WHAT YOU HAVE TO DO: Without the pictures, give the entries below again exactly as written.

SUPPLIED INFORMATION:
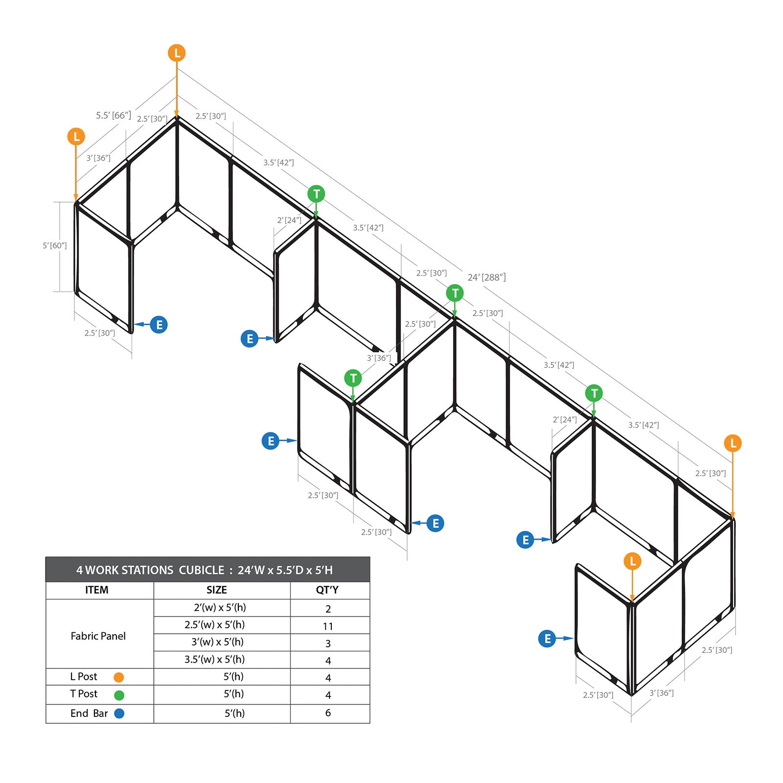 • The cubicle package includes 24"W panels(2), 30"W panels(11), 36"W panels(3), 42"W panels(4), End bars(6), T posts(4) & L posts(4).
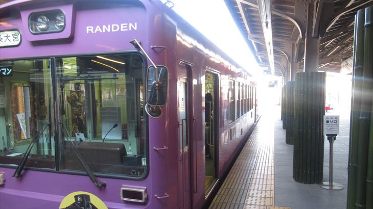 嵐山駅は観光客が喜びそうなお洒落な駅、嵐山本線は紫色1車両の路面も走る江ノ電みたいな電車です。終点の四条大宮まで約20分、駅から徒歩5分で四条堀川のtheBホテルまで行けました。ラッキー・・・・
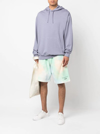 logo-print tie-dye shorts Highlights - Green/multicolour - Organic cotton - Tie-dye pattern - Logo print at the leg - Logo patch to the rear - Elasticated drawstring waistband - Two side welt pockets - Rear patch pocket - Knee-length Made in Italy Composition Organic Cotton 100% SIZE & FIT Model measurements Height 6 ft 2 in(1.89 m) Bust/Chest 36.22 in(92 cm) Hips 37.79 in(96 cm) Waist 29.52 in(75 cm) FittingInformation This piece fits true to size. We recommend you get your regular size Designed for a slim fit at the waist and loose over the leg Made with a mid-weight fabric Washing instructions Hand Wash
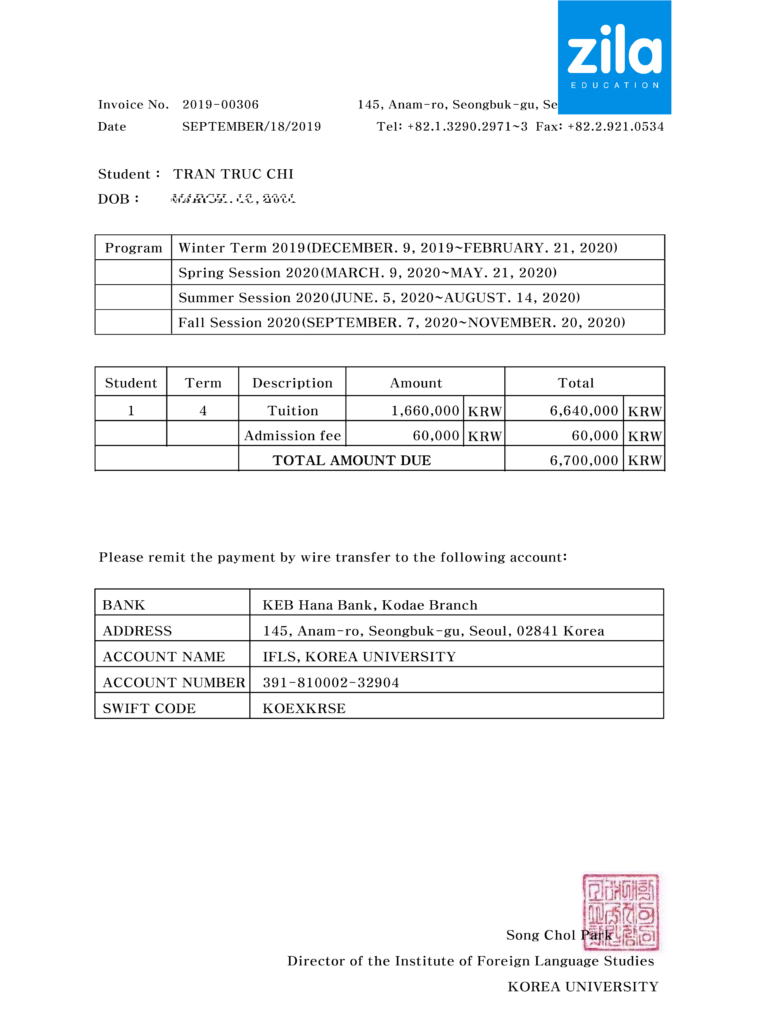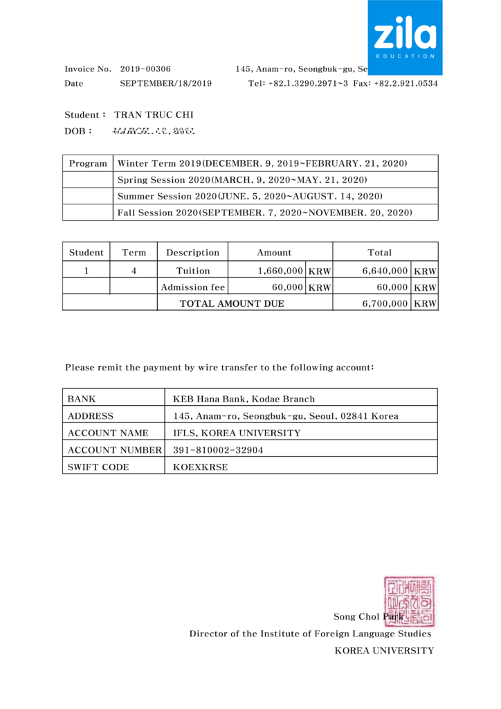 INVOICE ĐẠI HỌC KOREA
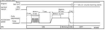 7. Wait 7 seconds, fully depress the accelerator pedal and keep it for approx. 20 seconds until the MIL stops blinking and turned ON.
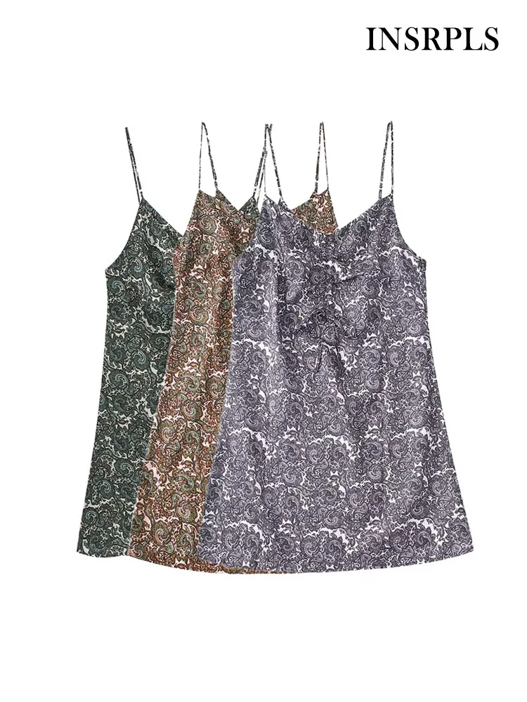 Женское винтажное мини-платье с принтом пейсли, молнией и открытой спиной

RESULT BELOW:
 • The cubicle package includes 24"W panels(2), 30"W panels(11), 36"W panels(3), 42"W panels(4), End bars(6), T posts(4) & L posts(4).
 嵐山駅は観光客が喜びそうなお洒落な駅、嵐山本線は紫色1車両の路面も走る江ノ電みたいな電車です。終点の四条大宮まで約20分、駅から徒歩5分で四条堀川のtheBホテルまで行けました。ラッキー・・・・
 logo-print tie-dye shorts Highlights - Green/multicolour - Organic cotton - Tie-dye pattern - Logo print at the leg - Logo patch to the rear - Elasticated drawstring waistband - Two side welt pockets - Rear patch pocket - Knee-length Made in Italy Composition Organic Cotton 100% SIZE & FIT Model measurements Height 6 ft 2 in(1.89 m) Bust/Chest 36.22 in(92 cm) Hips 37.79 in(96 cm) Waist 29.52 in(75 cm) FittingInformation This piece fits true to size. We recommend you get your regular size Designed for a slim fit at the waist and loose over the leg Made with a mid-weight fabric Washing instructions Hand Wash
 INVOICE ĐẠI HỌC KOREA
 7. Wait 7 seconds, fully depress the accelerator pedal and keep it for approx. 20 seconds until the MIL stops blinking and turned ON.
 Женское винтажное мини-платье с принтом пейсли, молнией и открытой спиной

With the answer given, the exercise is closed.